---------- Information provided ----------

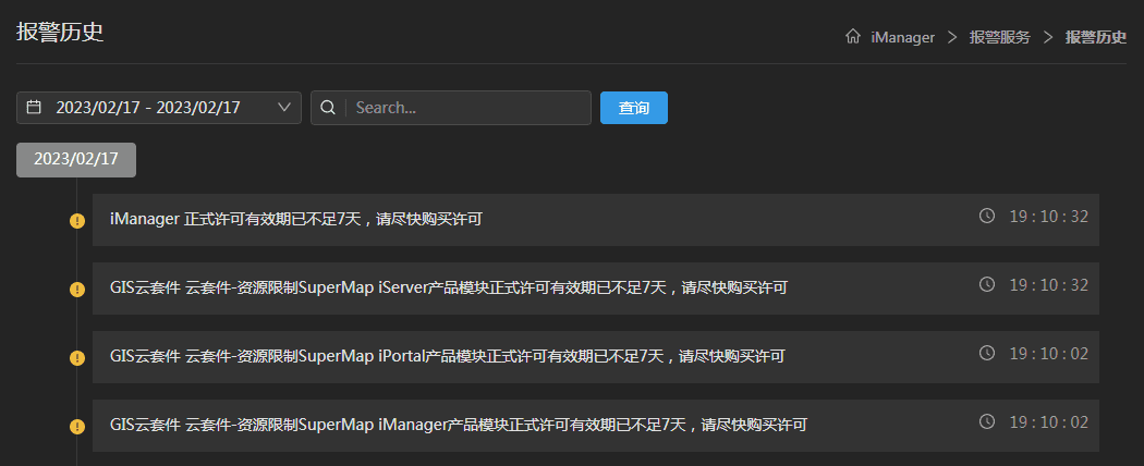 SuperMap iManager提供报警服务,支持查看报警历史信息。用户可通过报警服务->报警历史查看历史报警记录。
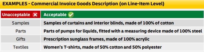 • Descrição dos bens: Descrever claramente as mercadorias ao nível do item (o que é, do que é feito e qual a sua finalidade), de modo a permitir que as autoridades alfandegárias identifiquem mercadorias proibidas/restritas, bem como realizem uma avaliação de risco adequada por motivos de segurança.
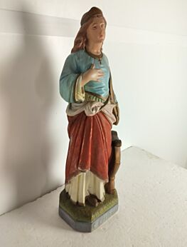 Neo gothic plaster Statue Jesus Christ polychrome Holy Sacred Heart antique
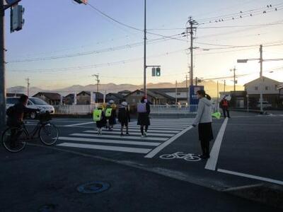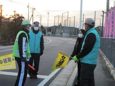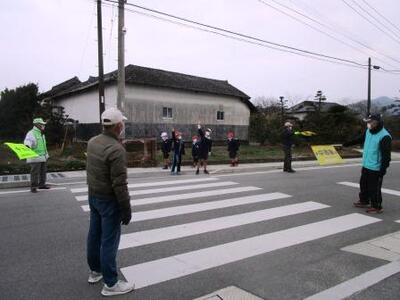いつもの元気班。遠くからの「おはようございまーす!」に見守り隊の皆さんも「おっ来た来た!」と喜ばれます。

----------

Task directions: Repeat the listing in full and to the letter, excluding every image.

Exercise answer:
 SuperMap iManager提供报警服务,支持查看报警历史信息。用户可通过报警服务->报警历史查看历史报警记录。
 • Descrição dos bens: Descrever claramente as mercadorias ao nível do item (o que é, do que é feito e qual a sua finalidade), de modo a permitir que as autoridades alfandegárias identifiquem mercadorias proibidas/restritas, bem como realizem uma avaliação de risco adequada por motivos de segurança.
 Neo gothic plaster Statue Jesus Christ polychrome Holy Sacred Heart antique
いつもの元気班。遠くからの「おはようございまーす!」に見守り隊の皆さんも「おっ来た来た!」と喜ばれます。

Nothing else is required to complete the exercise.